In their latest Q3 2020 Market Commentary Eric Cinnamond and Jayme Wiggins at Palm Valley Capital provide an interesting analogy of what it’s like to be a value investor while passive and momentum investors get a free ride for little effort. Likening the two groups to remoras, or suckerfish (passive and momentum investors), and sharks (value investors). Here’s an excerpt from the commentary:
Call it sour grapes, but it’s not fun to spin your wheels when you feel like you are investing responsibly, while you watch other investors get rich with much less mental anguish! You can’t put a price on the sense of relief many feel when they abandon their investment principles to join the herd. Actually, you can put a price on it, and it may turn out to be a very costly decision.
There is room for all kinds of investment strategies in the big blue sea, but let’s face it—most investors are remoras. Remoras, also known as suckerfish, attach to a host animal such as a whale, shark, ray, or turtle and remove parasites and loose skin. Like passive and momentum investors, remoras catch a free ride for little effort. They mostly feast on the waste of their host. It’s a symbiotic relationship, since the remora benefits when the host thrives. Remoras live from 2 to 5 years, which, on the long end, is similar to the duration of a typical bull market, at least before the Fed tried to make them permanent.
Value investors are more like sharks. They’re independent and generally not liked. When other investors see them, they move quickly in the other direction. Sharks and value practitioners both prey on the wounded. They prefer a big meal but can get by on scraps. Also, they’ve been around for ages.
Greenland sharks are rumored to survive over 300 years, with one tagged fella supposedly born 400 years ago. He was around to see Tulip Mania and the South Sea Bubble.
While the difference in performance between large growth and small value stocks has been striking, we don’t believe a chart displaying the historical returns of two strategies is adequate to decide on the present investment case. Examining valuations is more instructive. In our view, while megacaps are overpriced, valuations of the biggest companies are not as irrational as they were in 1999. The median Enterprise Value to EBIT multiple of the biggest ten nonfinancial companies is much lower than it was two decades ago.

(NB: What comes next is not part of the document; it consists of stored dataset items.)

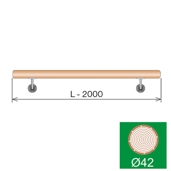 Drevené madlo DUB a nerezové držiaky, L2000mm
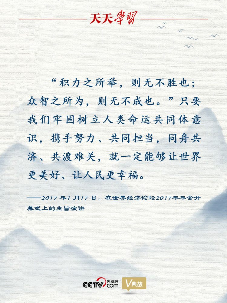 2017年1月17日,世界经济论坛2017年年会在瑞士达沃斯开幕。国家主席习近平出席开幕式并发表题为《共担时代责任 共促全球发展》的主旨演讲,强调要坚定不移推进经济全球化,牢固树立人类命运共同体意识,共同担当,同舟共济,共促全球发展。第二天,在联合国日内瓦总部,习近平主席又发表题为《共同构建人类命运共同体》的主旨演讲,深刻、全面、系统阐述人类命运共同体理念。4年来,人类命运共同体理念及其深刻的实践意义从达沃斯传出,在世界范围内回响。这是藉由中国智慧提出的中国主张、发出的中国声音,展现了我国在复杂多变的国际形势下积极参与全球治理的大国担当。
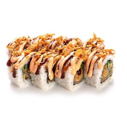 Гребешок фри и творожный сыр. Ролл окутан чёрной икрой масаго 195 г 8 шт.
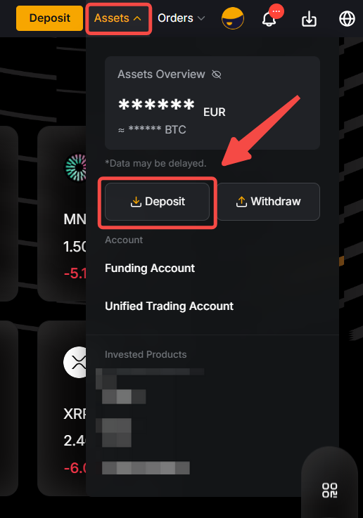 Ngoài ra, bạn cũng có thể di con trỏ chuột qua Tài Sản ở góc trên cùng bên phải của trang chủ Bybit. Sau đó, nhấp vào Nạp để vào trang nạp tiền.
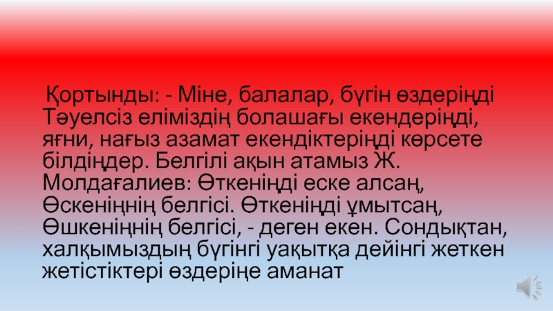 Слайд 30 Қортынды: - Міне, балалар, бүгін өздеріңді Тәуелсіз еліміздің болашағы екендеріңді,
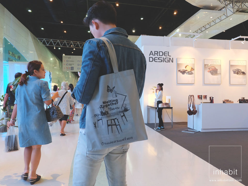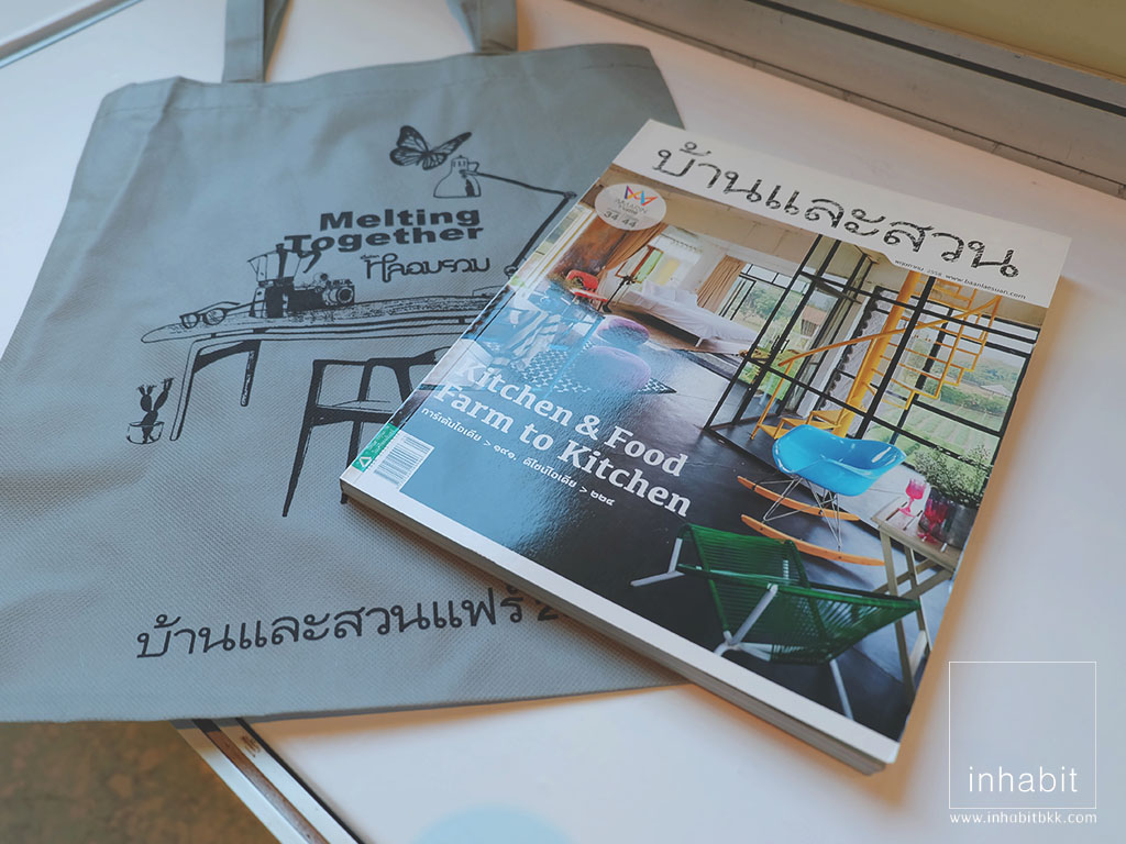 นอกจากจะแจกแผ่นพับและแผนที่ภายในงานแล้ว ที่จุดนี้ยังแจกกระเป๋าผ้าลดโลกร้อนและนิตยสารบ้านและสวนไปอ่านกันฟรีๆ
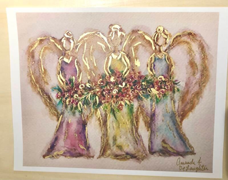 8x10 hand gilded watercolor angel trio
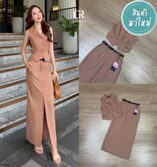 ชุดเซ็ท 3 ชิ้น เสื้อ+กระโปรง+เข็มขัด ตัวเสื้อกั๊กลายริ้ว แขนกุดคอวี
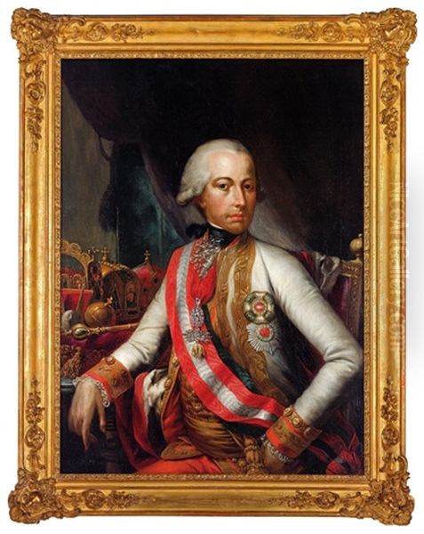 The portrait Kaiser Joseph II by Martin Knoller is a striking depiction of the Holy Roman Emperor, radiating authority and Enlightenment ideals. Painted in the late 18th century, the artwork captures Joseph II in a dignified yet approachable manner—his piercing gaze and refined posture reflect his reputation as a reformist ruler. Knoller's neoclassical style emphasizes clarity, balance, and restrained emotion, aligning with the era's shift from Baroque exuberance to rational elegance. The muted yet warm palette, intricate detailing of the emperor's attire, and soft background lighting create a sense of gravitas without overt grandeur. Historically, this work is significant as it embodies the intellectual spirit of the Habsburg court and Knoller's mastery in portraiture, bridging the transition between Rococo and Neoclassicism.
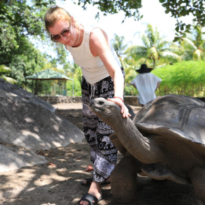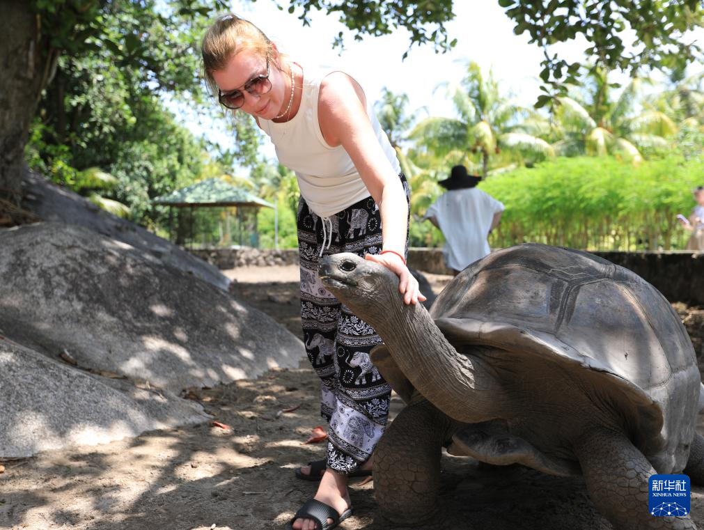 3月15日,在塞舌尔拉迪格岛,一名游客与塞舌尔巨龟合影。
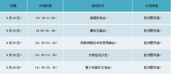 注:9月16日-10月8日在杭州圖書館每天進行相關主題音樂展覽

However, on an unleveraged pre-tax basis, the valuation for the typical large cap company is almost twice as high as it was during the tech bubble. With a median EV/EBIT multiple of 27x for the S&P 500, we’d wager that the average big cap stock has never been this expensive. In our opinion, the overvaluation in today’s market is much broader than it was in 1999, so it’s a far more challenging backdrop for value investors.

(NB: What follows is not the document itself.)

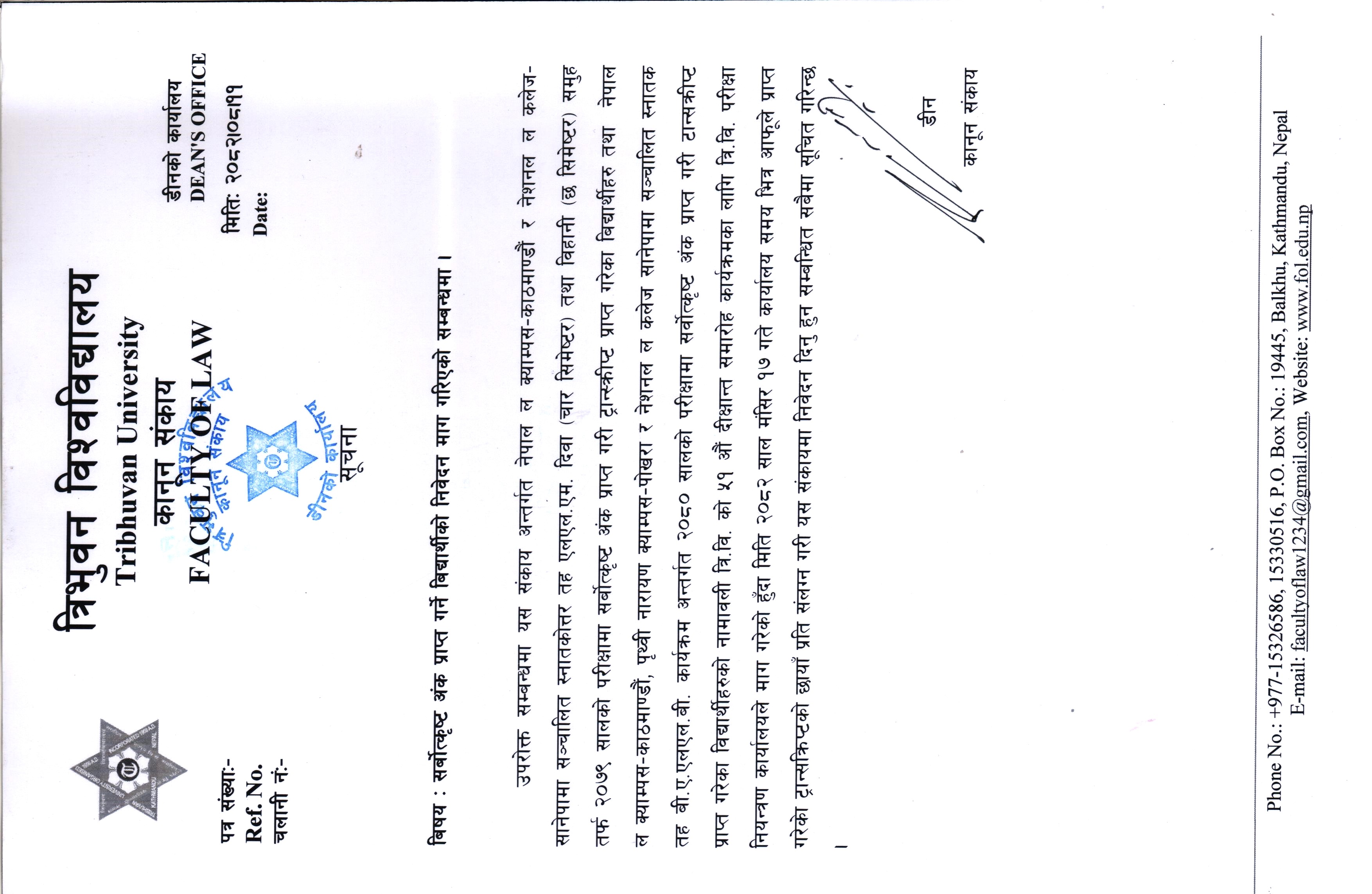 सर्वोत्कृष्ट अंक प्राप्त गर्ने विद्यार्थीको निवेदन माग गरिएको सम्बन्धमा ।
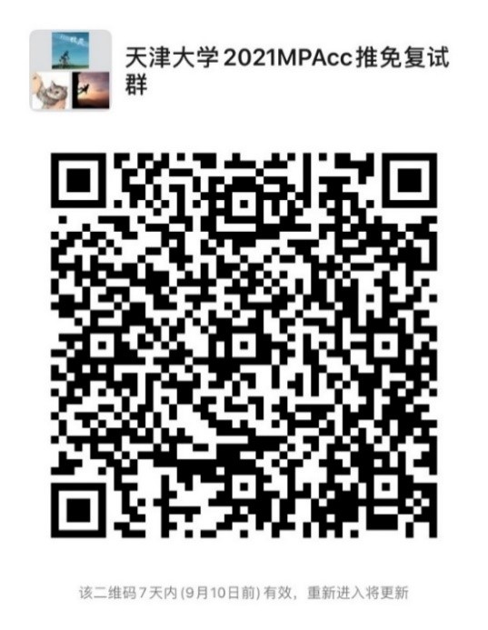 请进入复试名单的申请人扫描下图二维码,于2020年9月7日24:00前加入复试微信群,确认参加9月11日复试事宜,方便后续沟通(进入群后请改名称,格式为来源院校+姓名)。未尽事宜请拨打经管学部会计专硕项目招生电话(022-27891423)详细询问。

The investment story for small caps, and in particular, small cap value stocks, is less clear cut. There is no widely accepted definition of what constitutes a value stock. In fact, hundreds of companies are partially present in both value and growth indexes from leading benchmark providers. In general, growth investors want to own firms with above-average growth, while value investors are primarily concerned with the price they pay. With that said, you’d be hardpressed to find a value investor who would turn away a rapidly growing, attractively priced business. It’s just difficult for value investors to pay up for projected growth.